- About this task:
Restate, word for word and with no pictures, the stretch of lines in the data below that begins at the line with "A quality printed" and ends at the line with "生活面を象徴する運勢です。外", inclusive.

- Supplied entries:
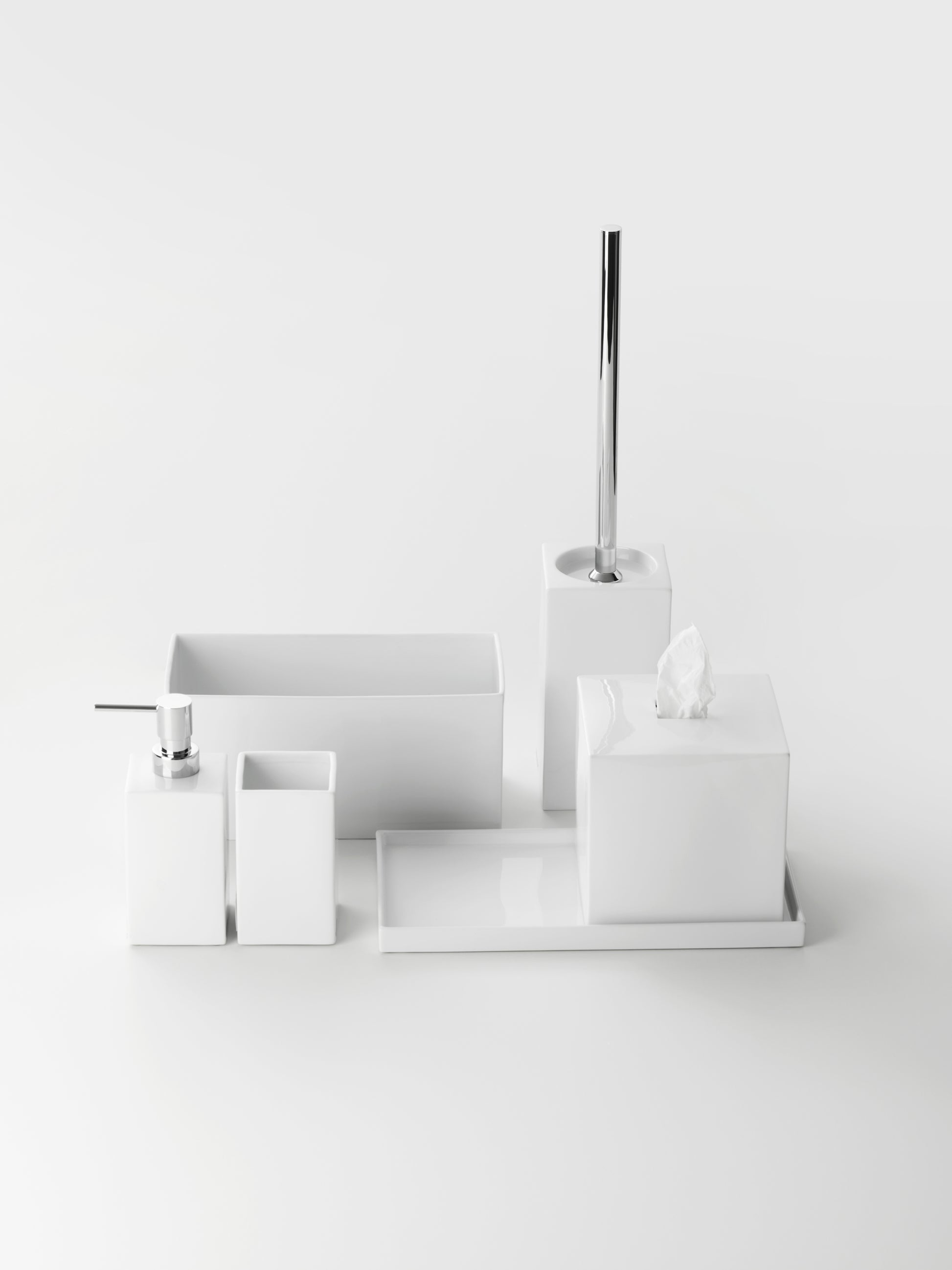 Geradlinig und dezent sorgt das flache Porzellantablett für zusätzliche Ordnung. Tägliche Utensilien wie Kämme, Haarspangen und Uhren finden darauf ihren Platz, ohne durcheinander zu geraten.
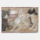 A quality printed throw has its advantages. This is a much finer weave throw than its loopier cousins, and though lighter, it is worth the investment for custom room accessorizing. The back is much prettier than the typical brown, and the fringe on the long sides very vivid, the selvage nicely done. Before photographing, I washed the throw in cold water, delicate, with a thicker woven throw the same size. On tumble dry low, this throw was dry in half the time as the other. This is a very practical quality if you use throws for furniture covers or to wrap up in frequently. The sleekness of the fabric makes it a great layer for accenting or protecting without the feeling of sitting on too much stuff. Perfect for napping or when you feel a light chill coming on. The color printing is beautiful and on this fabric, matched the design and color of my Photoshop image. This is an advantage for blending room fabrics and colors. The fringe on the short sides prints the colors from the design image and therefore varies from the side fringe. I streaked a white fractal line through the plaid pattern to give the illusion of weaving. This printed as crisp as an illusory thread, and put some white in the short side fringe, showing another advantage of print vs loomed- for artistic purposes, line lines, detail, and color integrity can be planned and preserved. My loomed throws have color limitations and more of a needlepoint texture. Print throws reproduce an exact image. The throw felt a little stiff straight out of the package, but this went away in the first delicate wash. Of course I searched the wash water for ink or bleeding and there was none.
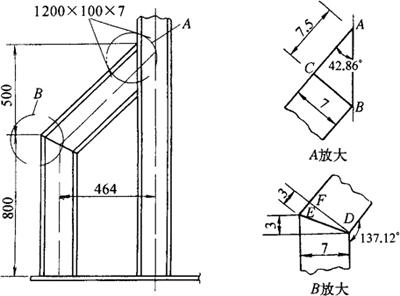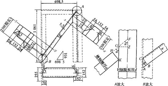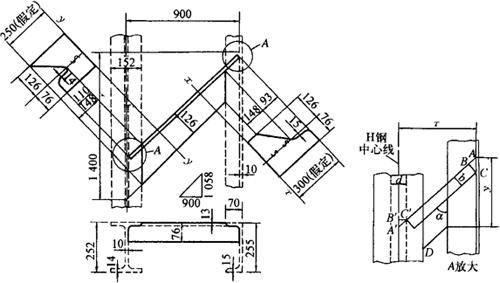 图3-160 不等边角钢与H钢、槽钢斜拉撑施工图及展开图 (1)斜拉撑顶角
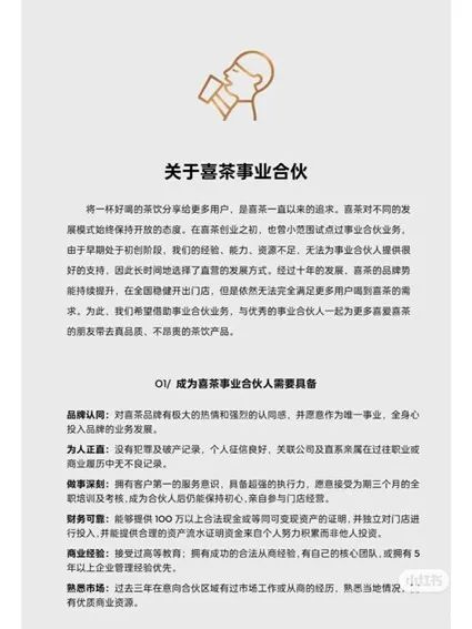 除了店面的要求,对合伙人的筛选,喜茶也提出了较高的要求。
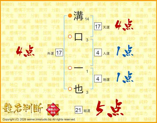 生活面を象徴する運勢です。外部から受ける影響力を表し、結婚運、家庭運や職場、環境への順応性を表します。総運から人運を引いた画数。姓や名が1文字の場合を除く。
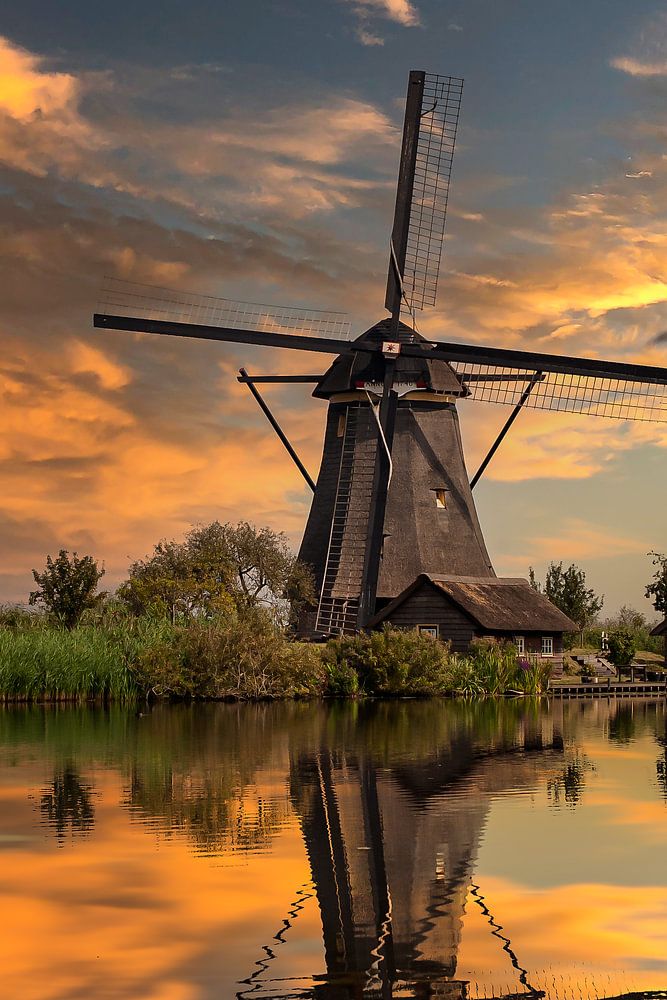 Buy this landscape artwork Mill by water in sunset by René Ouderling on canvas, ArtFrame, poster and wallpaper, printed on demand in high quality.
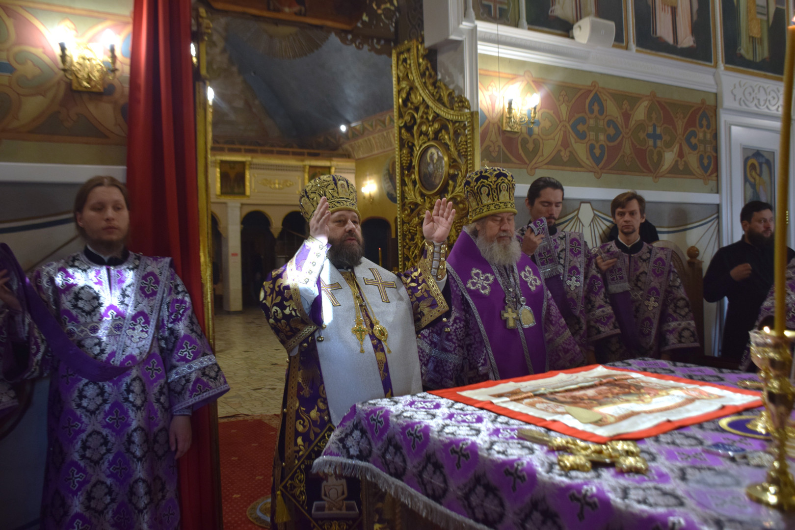 По благословению Святейшего Патриарха Московского и всея Руси Кирилла богослужение возглавили архиепископ Абаканский и Хакасский Ионафан и епископ Елецкий и Лебедянский Максим.
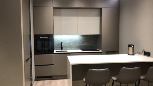Дизайн кухни с матовыми фасадами в сложном цвете. Кухни на заказ Екатеринбург
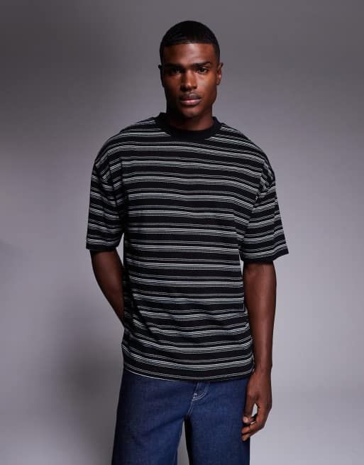 ASOS DESIGN - Oversized T-shirt van zware stof met textuur en strepen in zwart
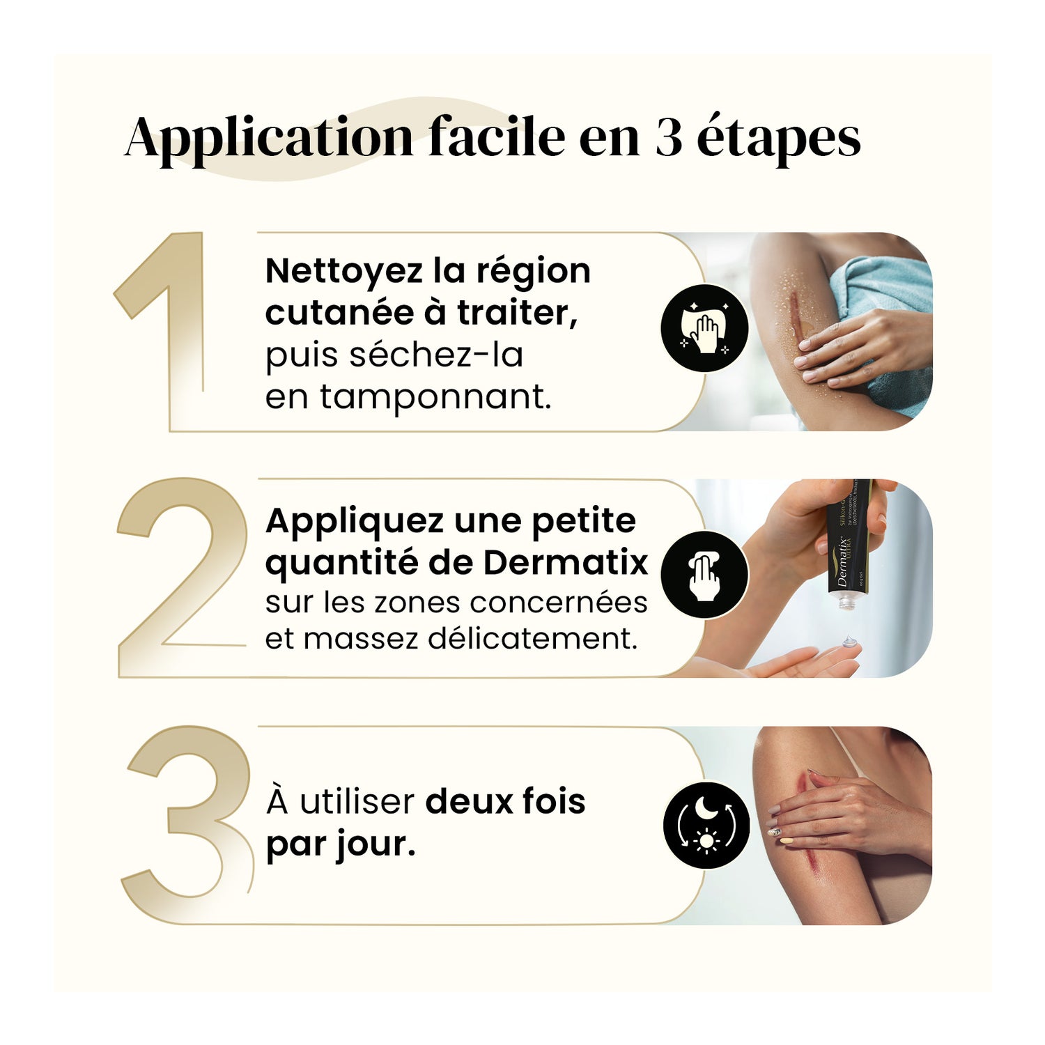 Ses principes actifs aident à hydrater la peau, à favoriser sa régénération, à réduire l'inflammation des cicatrices et à apaiser les démangeaisons causées par les processus de cicatrisation.
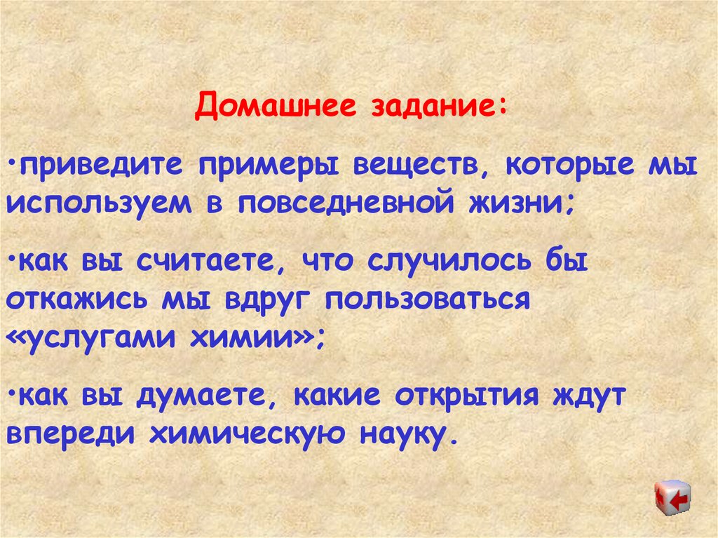 Домашнее задание:•приведите примеры веществ, которые мы
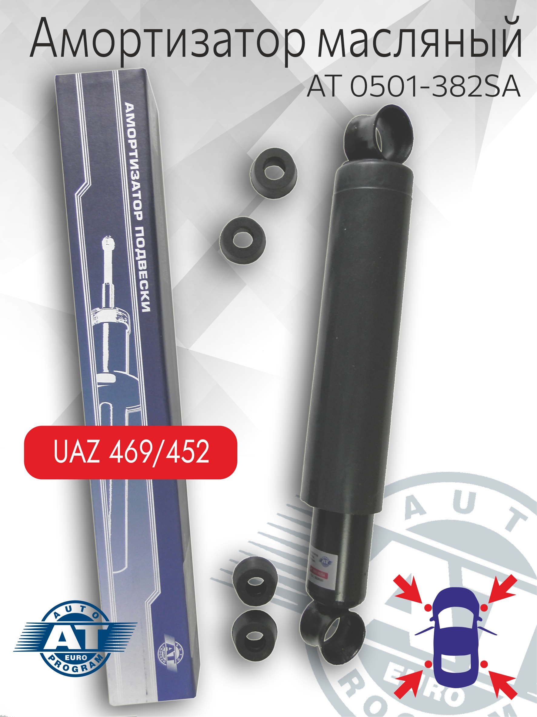 AT 0501-382SA AT Амортизатор УАЗ 3151, 469, 452 и его модиф. левыйправый, переднийзадний масляный

- Expected answer:
 A quality printed throw has its advantages. This is a much finer weave throw than its loopier cousins, and though lighter, it is worth the investment for custom room accessorizing. The back is much prettier than the typical brown, and the fringe on the long sides very vivid, the selvage nicely done. Before photographing, I washed the throw in cold water, delicate, with a thicker woven throw the same size. On tumble dry low, this throw was dry in half the time as the other. This is a very practical quality if you use throws for furniture covers or to wrap up in frequently. The sleekness of the fabric makes it a great layer for accenting or protecting without the feeling of sitting on too much stuff. Perfect for napping or when you feel a light chill coming on. The color printing is beautiful and on this fabric, matched the design and color of my Photoshop image. This is an advantage for blending room fabrics and colors. The fringe on the short sides prints the colors from the design image and therefore varies from the side fringe. I streaked a white fractal line through the plaid pattern to give the illusion of weaving. This printed as crisp as an illusory thread, and put some white in the short side fringe, showing another advantage of print vs loomed- for artistic purposes, line lines, detail, and color integrity can be planned and preserved. My loomed throws have color limitations and more of a needlepoint texture. Print throws reproduce an exact image. The throw felt a little stiff straight out of the package, but this went away in the first delicate wash. Of course I searched the wash water for ink or bleeding and there was none.
 图3-160 不等边角钢与H钢、槽钢斜拉撑施工图及展开图 (1)斜拉撑顶角
 除了店面的要求,对合伙人的筛选,喜茶也提出了较高的要求。
 生活面を象徴する運勢です。外部から受ける影響力を表し、結婚運、家庭運や職場、環境への順応性を表します。総運から人運を引いた画数。姓や名が1文字の場合を除く。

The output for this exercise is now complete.